### [Data for the task]
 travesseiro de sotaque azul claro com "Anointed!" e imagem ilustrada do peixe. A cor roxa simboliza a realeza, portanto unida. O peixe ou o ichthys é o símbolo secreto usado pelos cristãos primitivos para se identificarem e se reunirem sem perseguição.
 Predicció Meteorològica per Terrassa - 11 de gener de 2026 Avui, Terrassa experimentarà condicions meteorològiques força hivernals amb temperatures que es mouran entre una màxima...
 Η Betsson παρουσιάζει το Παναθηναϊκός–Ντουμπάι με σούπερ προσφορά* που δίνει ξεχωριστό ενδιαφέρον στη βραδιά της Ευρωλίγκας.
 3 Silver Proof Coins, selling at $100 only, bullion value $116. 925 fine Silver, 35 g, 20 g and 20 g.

---

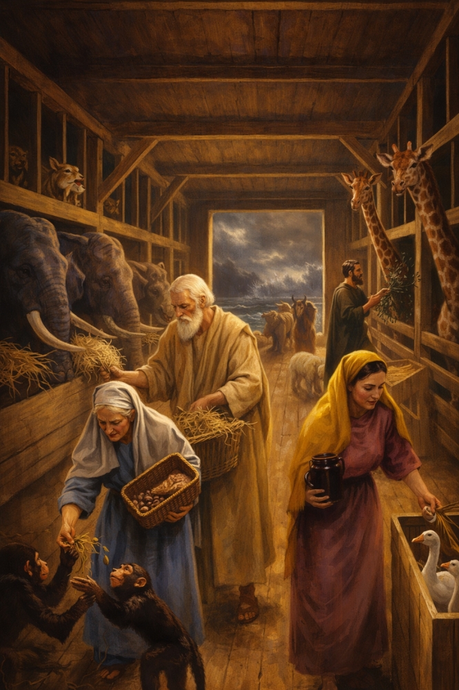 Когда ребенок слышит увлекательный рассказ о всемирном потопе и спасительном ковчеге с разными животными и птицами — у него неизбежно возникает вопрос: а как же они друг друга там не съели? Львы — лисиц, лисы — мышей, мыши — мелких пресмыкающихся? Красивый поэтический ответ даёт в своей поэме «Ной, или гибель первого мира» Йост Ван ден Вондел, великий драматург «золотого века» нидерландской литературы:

### [Task instructions]
In the listing above, find the line with "travesseiro de sotaque" and the line with "3 Silver Proof", then print exactly those lines and every line between them.

### [Solution to this exercise]
 travesseiro de sotaque azul claro com "Anointed!" e imagem ilustrada do peixe. A cor roxa simboliza a realeza, portanto unida. O peixe ou o ichthys é o símbolo secreto usado pelos cristãos primitivos para se identificarem e se reunirem sem perseguição.
 Predicció Meteorològica per Terrassa - 11 de gener de 2026 Avui, Terrassa experimentarà condicions meteorològiques força hivernals amb temperatures que es mouran entre una màxima...
 Η Betsson παρουσιάζει το Παναθηναϊκός–Ντουμπάι με σούπερ προσφορά* που δίνει ξεχωριστό ενδιαφέρον στη βραδιά της Ευρωλίγκας.
 3 Silver Proof Coins, selling at $100 only, bullion value $116. 925 fine Silver, 35 g, 20 g and 20 g.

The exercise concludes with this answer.